(Beginning of RECORDED INFORMATION)

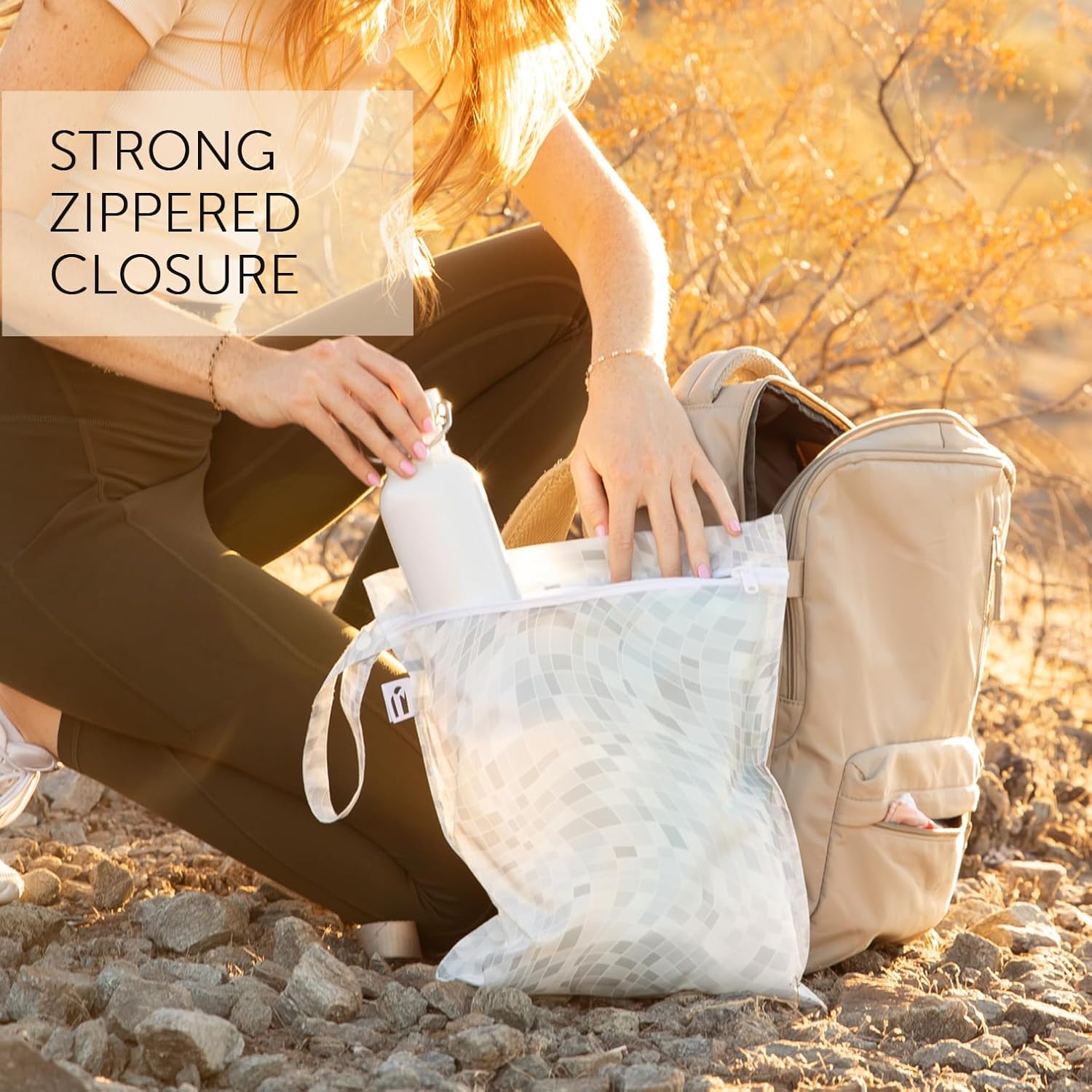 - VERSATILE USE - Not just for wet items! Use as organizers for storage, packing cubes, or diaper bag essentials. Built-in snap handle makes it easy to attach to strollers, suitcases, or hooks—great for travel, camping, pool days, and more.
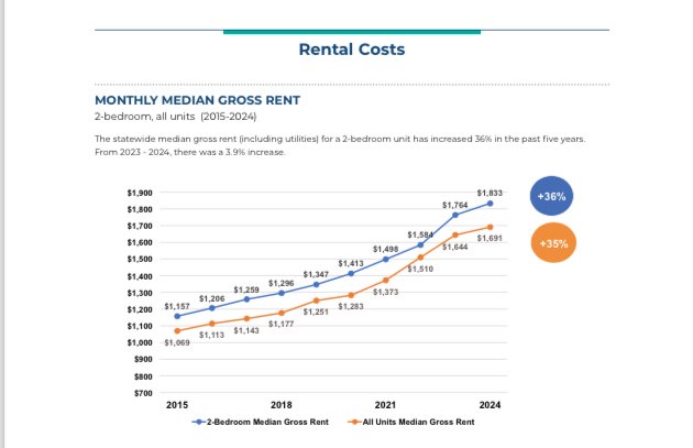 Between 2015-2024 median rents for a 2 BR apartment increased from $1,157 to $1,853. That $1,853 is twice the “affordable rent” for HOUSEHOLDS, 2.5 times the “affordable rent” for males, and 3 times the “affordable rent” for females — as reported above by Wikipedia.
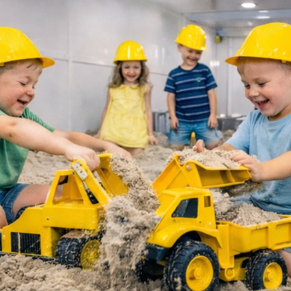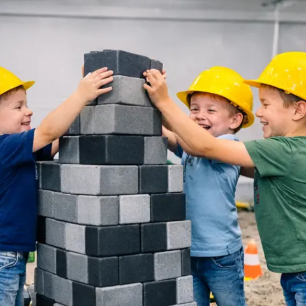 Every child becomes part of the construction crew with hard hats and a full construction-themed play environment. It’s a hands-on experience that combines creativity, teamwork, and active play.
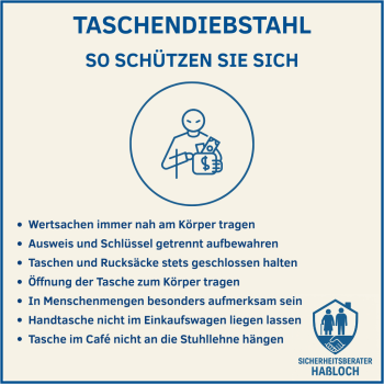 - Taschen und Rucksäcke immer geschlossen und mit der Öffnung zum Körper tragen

(End of RECORDED INFORMATION)

**THE TASK**
Since the pictures are not wanted, transcribe the rest of the listing above exactly.

**RESULT OF THE EXERCISE**
 - VERSATILE USE - Not just for wet items! Use as organizers for storage, packing cubes, or diaper bag essentials. Built-in snap handle makes it easy to attach to strollers, suitcases, or hooks—great for travel, camping, pool days, and more.
 Between 2015-2024 median rents for a 2 BR apartment increased from $1,157 to $1,853. That $1,853 is twice the “affordable rent” for HOUSEHOLDS, 2.5 times the “affordable rent” for males, and 3 times the “affordable rent” for females — as reported above by Wikipedia.
 Every child becomes part of the construction crew with hard hats and a full construction-themed play environment. It’s a hands-on experience that combines creativity, teamwork, and active play.
 - Taschen und Rucksäcke immer geschlossen und mit der Öffnung zum Körper tragen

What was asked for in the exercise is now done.